Audio AI may feel only slightly more realistic than AI video at the moment, but the results from the current set of tools are good enough to make security experts nervous. There are very good reasons you’d want to hide your voice for the sake of security and privacy; it can be used to authenticate your identity, and machines can determine identifying factors like your age, ethnicity, gender, and economic status just by listening to you speak.

Balasubramaniyan says voice AI services need to offer security on par with that of other companies that store personal data, like financial or medical information.

“You have to ask the company, ‘how is my AI voice going to be stored? Are you actually storing my recordings? Are you storing it encrypted? Who has access to it?’” Balasubramaniyan says. “It is a part of me. It is my intimate self. I need to protect it just as well.”

Podcastle says the voice models are end-to-end encrypted and that the company doesn’t keep any recordings after creating the model. Only the account holder who recorded the voice clips can access them. Podcastle also doesn’t allow other audio to be uploaded or analyzed on Revoice. In fact, the person creating a copy of their voice has to record the lines of prewritten text directly into Revoice’s app.

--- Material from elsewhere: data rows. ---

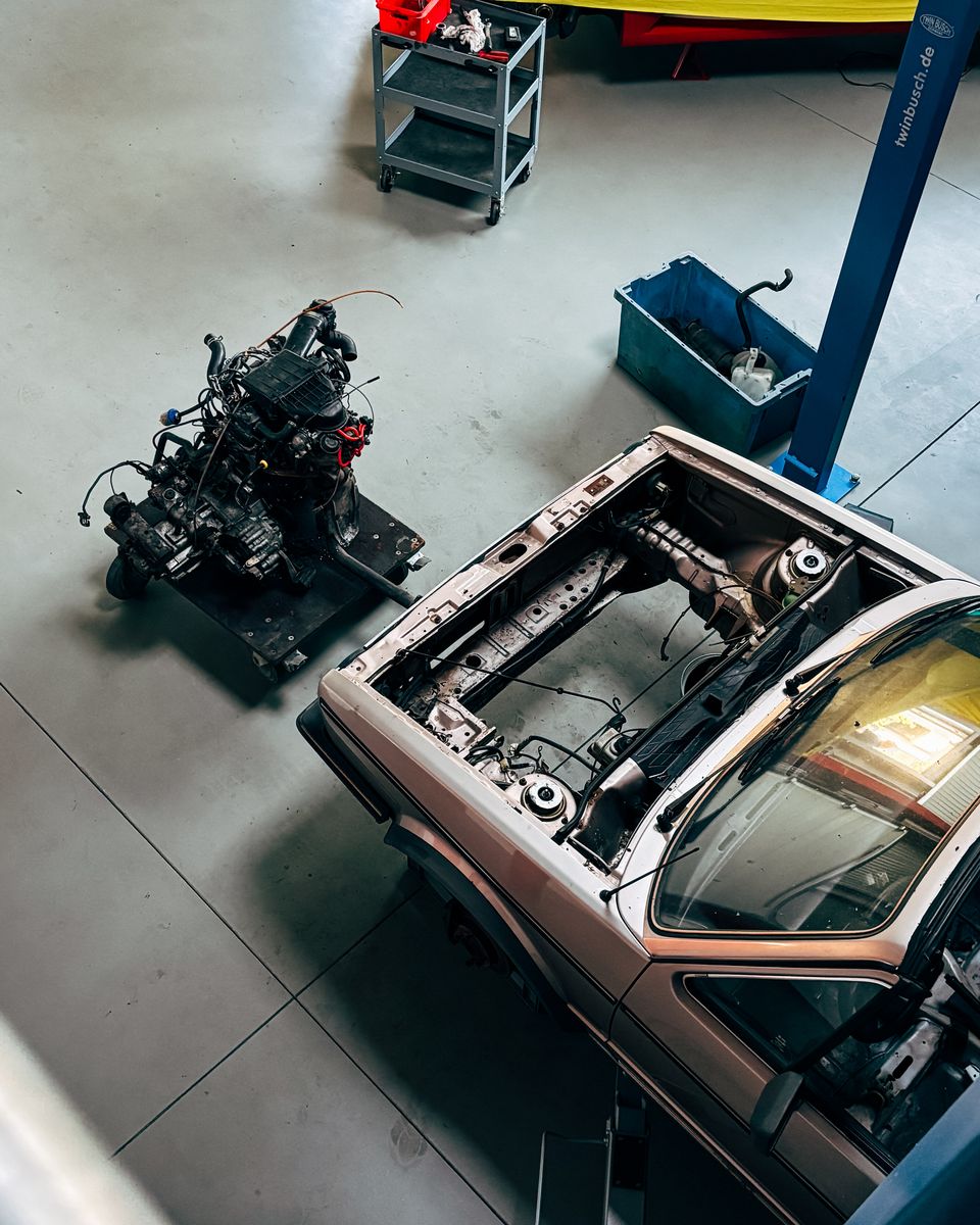 Zeitspung, drei Monate später: Ich hatte endlich wieder ein bisschen planbare Zeit für den Golf über, und fand prompt einen geeigneten Spender: Einen EX von 88, den ich noch unter eigener Kraft fahren sehen konnte. Von ihm habe ich Motor, Getriebe (Fünfgang statt 4+E!), Kühler, Motorkabelbaum, Zentralelektrik, Tacho und Schaltgestänge (meins ist auch fest) erworben:Der aktuelle Stand, von gestern! Ich warte noch auf die frischen Motorlager, Dichtungen und andere Kleinteile für nen kleinen Service, so lange er noch draußen hängt. Habe mir frei genommen bis Freitag - hoffentlich kann ich diese Woche schon ne kleine Probefahrt auf dem Hof machen!
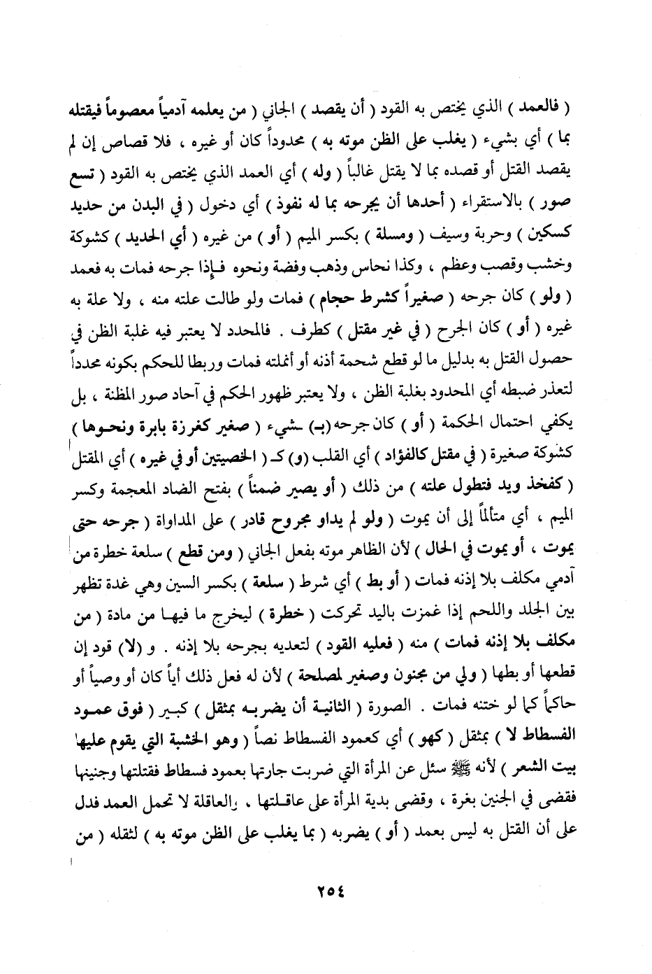 (فَالْعَمْدُ) الَّذِي يَخْتَصُّ بِهِ الْقَوَدُ (أَنْ يَقْصِدَ) الْجَانِي (مَنْ يَعْلَمُهُ آدَمِيًّا مَعْصُومًا فَيَقْتُلَهُ بِمَا) أَيْ بِشَيْءٍ (يَغْلِبُ عَلَى الظَّنِّ مَوْتُهُ بِهِ) مَحْدُودًا كَانَ أَوْ غَيْرَهُ، فَلَا قِصَاصَ إنْ لَمْ يَقْصِدْ الْقَتْلَ أَوْ قَصَدَهُ بِمَا لَا يَقْتُلُ غَالِبًا (وَلَهُ) أَيْ الْعَمْدِ الَّذِي يَخْتَصُّ بِهِ الْقَوَدُ (تِسْعُ صُوَرٍ) بِالِاسْتِقْرَاءِ (أَحَدُهَا أَنْ يَجْرَحَهُ بِمَا لَهُ نُفُوذٌ فِي الْبَدَنِ مِنْ حَدِيدٍ كَسِكِّينٍ) وَحَرْبَةٍ وَسَيْفٍ (وَمِسَلَّةٍ) بِكَسْرِ الْمِيمِ (أَوْ) مِنْ غَيْرِهِ (أَيْ الْحَدِيدِ) كَشَوْكَةٍ وَخَشَبٍ وَقَصَبٍ وَعَظْمٍ، وَكَذَا نُحَاسٌ وَذَهَبٌ وَفِضَّةٌ وَنَحْوُهُ فَإِذَا جَرَحَهُ فَمَاتَ بِهِ فَعَمْدٌ (وَلَوْ) كَانَ جُرْحُهُ (صَغِيرًا كَشَرْطِ حَجَّامٍ) فَمَاتَ وَلَوْ طَالَتْ عِلَّتُهُ مِنْهُ، وَلَا عِلَّةَ بِهِ غَيْرُهُ (أَوْ) كَانَ الْجُرْحُ (فِي غَيْرِ مَقْتَلٍ) كَطَرَفٍ. فَالْمُحَدَّدُ لَا يُعْتَبَرُ فِيهِ غَلَبَةُ الظَّنِّ فِي حُصُولِ الْقَتْلِ بِهِ بِدَلِيلِ مَا لَوْ قَطَعَ شَحْمَةَ أُذُنِهِ أَوْ أُنْمُلَتِهِ فَمَاتَ وَرَبْطًا لِلْحُكْمِ بِكَوْنِهِ مُحَدَّدًا لِتَعَذُّرِ ضَبْطِهِ أَيْ الْمَحْدُودِ بِغَلَبَةِ الظَّنِّ، وَلَا يُعْتَبَرُ ظُهُورُ الْحُكْمِ فِي آحَادِ صُوَرِ الْمَظِنَّةِ، بَلْ يَكْفِي احْتِمَالُ الْحِكْمَةِ (أَوْ) كَانَ جُرْحُهُ (بِ) شَيْءٍ (صَغِيرٍ كَغُرْزَةٍ لِإِبْرَةٍ وَنَحْوِهَا) كَشَوْكَةٍ صَغِيرَةٍ (فِي مَقْتَلٍ كَالْفُؤَادِ) أَيْ الْقَلْبِ.
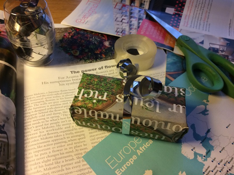 This year, as I set out to wrap some Christmas gifts, I looked through my magazine piles and selected some free publications that I wasn’t going to look at again. These included an old Air France magazine, a Palais des Thés tea catalogue, a free cinema magazine from a local theater, and the summer edition of my district’s magazine (yes, in Paris each of the 20 arrondissements has its own free magazine to keep residents in the know—nice, huh?). Other things that can be upcycled into gift wrapping are brochures from art exhibitions, newspaper pages, comics and even old maps. Anything with interesting colors and visuals can work as long as the paper is thick enough.

They can’t just upload a prerecorded file.

“You are the one giving permission and creating the content,” Podcastle’s Yeritsyan says. “Whether it’s artificial or original, if this is not a deepfaked voice, it’s this person’s voice and he put it out there. I don’t see issues.”

Podcastle is hoping that being able to render audio in only a consenting person’s cloned voice would disincentivize people from making themselves say anything too horrible. Currently, the service doesn’t have any content moderation or restrictions on specific words or phrases. Yeritsyan says it is up to whatever service or outlet publishes the audio—like Spotify, Apple Podcasts, or YouTube—to police the content that gets pushed onto their platforms.

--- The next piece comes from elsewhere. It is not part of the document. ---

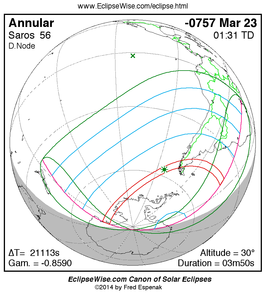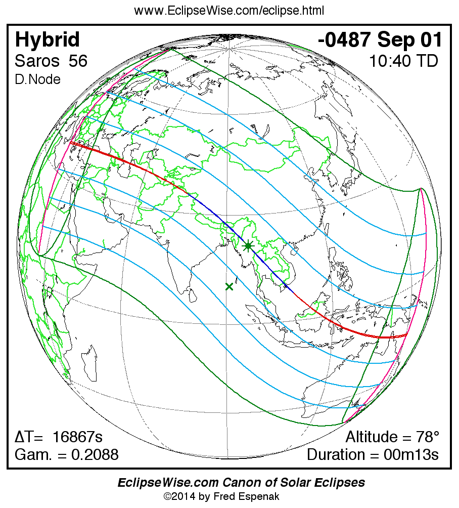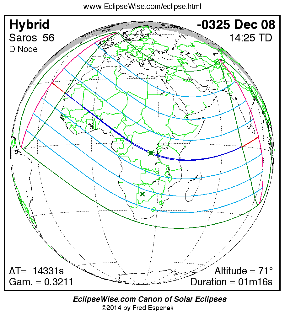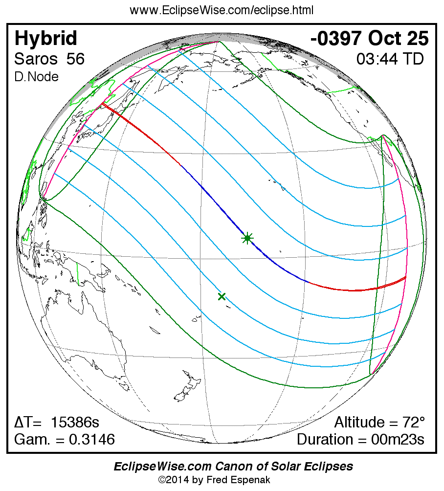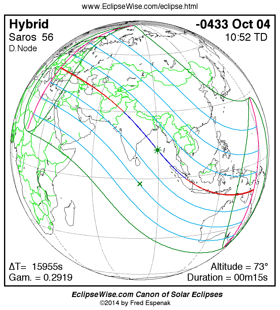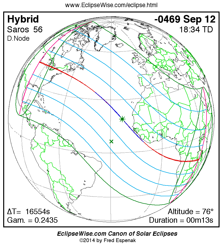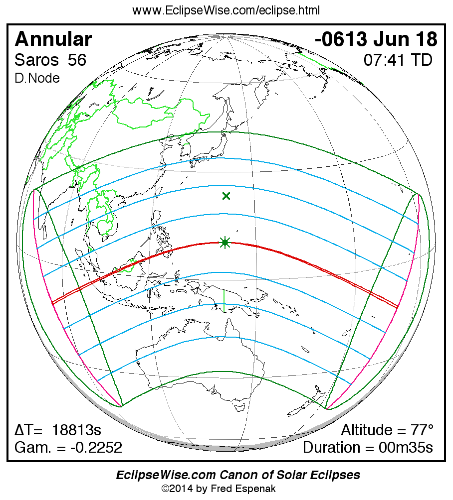 A panorama of all solar eclipses belonging to Saros 56 is presented here. Each map depicts the geographic region of visibility for a single eclipse. For central eclipses, the total or annular path is plotted in either blue (total) or red (annular). The date and time is given for the instant of Greatest Eclipse. Every map serves as a hyperlink to the EclipseWise Prime page for that eclipse where a larger map and complete details for the eclipse can be found. Visit the Key to Solar Eclipse Maps for a detailed explanation of these maps. Near the bottom of the page are a series of hyperlinks for more on solar eclipses.

“There are huge moderation teams on any social platforms or any streaming platform,” Yeritsyan says. “So that’s their job to not let anyone else use the fake voice and create something stupid or something not ethical and publish it there.”

Even if the very thorny issue of voice deepfakes and nonconsensual AI clones is addressed, it’s still unclear whether people will accept a computerized clone as an acceptable stand-in for a human. 

At the end of March, the comedian Drew Carey used another voice AI service, ElevenLabs, to release a whole episode of a radio show that was read by his voice clone. For the most part, people hated it. Podcasting is an intimate medium, and the distinct human connection you feel when listening to people have a conversation or tell stories is easily lost when the robots step to the microphone.

But what happens when the technology advances to the point that you can’t tell the difference? Does it matter that it’s not really your favorite podcaster in your ear? Cloned AI speech has a ways to go before it’s indistinguishable from human speech, but it’s surely catching up quickly. Just a year ago, AI-generated images looked cartoonish, and now they’re realistic enough to fool millions into thinking the Pope had some kick-ass new outerwear. It’s easy to imagine AI-generated audio will have a similar trajectory.

There’s also another very human trait driving interest in these AI-powered tools: laziness. AI voice tech—assuming it gets to the point where it can accurately mimic real voices—will make it easy to do quick edits or retakes without having to get the host back into a studio.

“Ultimately, the creator economy is going to win,” Balasubramaniyan says. “No matter how much we think about the ethical implications, it’s going to win out because you’ve just made people’s lives simple.”